Ebola Scare Pushes India-Africa Summit to 2015

MEA spokesperson Syed Akbaruddin announced the postponement of the India-Africa Summit till 2015, but did not cite any reasons.
Ebola Scare Pushes India-Africa Summit to 2015

NEW DELHI: Wary of an Ebola outbreak in India, the Ministry of External Affairs has postponed its biggest outreach event for Africa. The India Africa Forum Summit (IAFS) slated for December 2014 has been postponed to next year.

After the last two editions were restricted to a little over a dozen countries, the newest version of the IAFS was going to be the most ambitious with invitations to be sent out to leaders of 54 countries.

On Saturday, MEA spokesperson Syed Akbaruddin announced the postponement of the India-Africa Summit till 2015, but did not cite any reasons for the change of plans.

But sources told The Sunday Standard that the decision has already been taken to postpone the summit due to the Ebola epidemic  “MEA had forwarded the proposal about two weeks ago,” said a senior official, who added that the PMO finally approved the postponement earlier last week. “The postponement is only due to Ebola,” he added.

While the date had not been officially announced, it was mentioned in an answer given in parliament in July. “Hon’ble Prime Minister has approved 4th December 2014 as the date for the third India-Africa Forum Summit,” External Affairs minister Sushma Swaraj had said in a written reply in Rajya Sabha on 31 July.

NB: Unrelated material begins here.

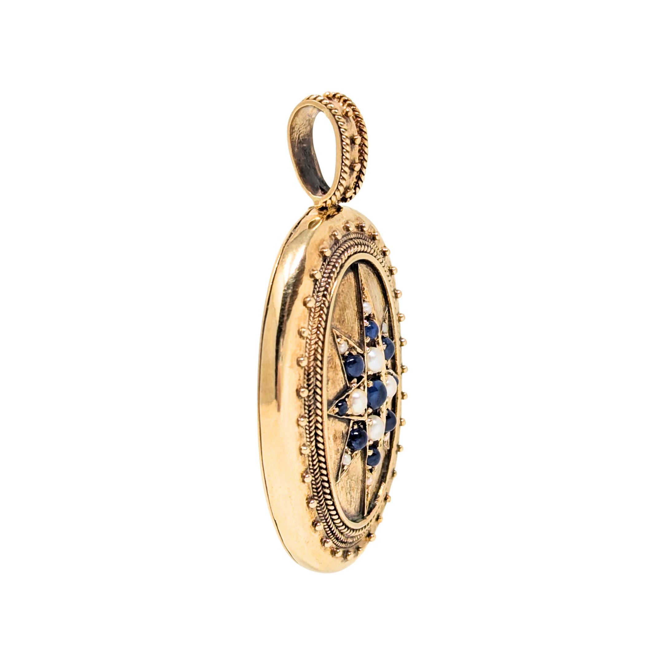 Victorian 14K Gold Blue Sapphire & Pearl Starburst Mourning Locket

There were fears that the Ebola crisis would stop participation from seven countries due to travel restrictions. While Sierra Leone, Guinea and Liberia have seen the maximum number of cases, there have also been reports of new transmission from Nigeria and Senegal. Besides, Benin, Burkina Faso, Cote d’Ivore, Guinea-Bissau and Mali are being actively monitored as they neighbour the areas of transmission.

“If we are planning such a big event, we should try to ensure the maximum participation,” he said. If the event went ahead as scheduled, officials were also not sure that there were enough quarantine facilities to isolate “high-risk” travellers with symptoms, especially with WHO and UN warning of a sharp upward trend in the crisis.

Over 5,500 people have been infected worldwide and more than 2,500 have died of Ebola, but international agencies term these figures as highly underestimated. At the emergency session of the UN Security Council, WHO director general termed the Ebola crisis as the “greatest peacetime challenge that the United Nations and its agencies have ever faced”.

According to the last bulletin issued by the Indian health ministry, 936 passengers were currently being tracked by the health ministry’s integrated disease surveillance project, while 17,075 passengers have been screened so far.

While a new date for the IAFS is yet to be fixed, the government is looking at a possible window in February. The delay also gives ample time to the organizers to put up a better show, as otherwise there would have been little time to prepare for the phalanx of leaders and officials to descend on India from 54 countries—the largest number since the Non-Aligned Summit in 1983.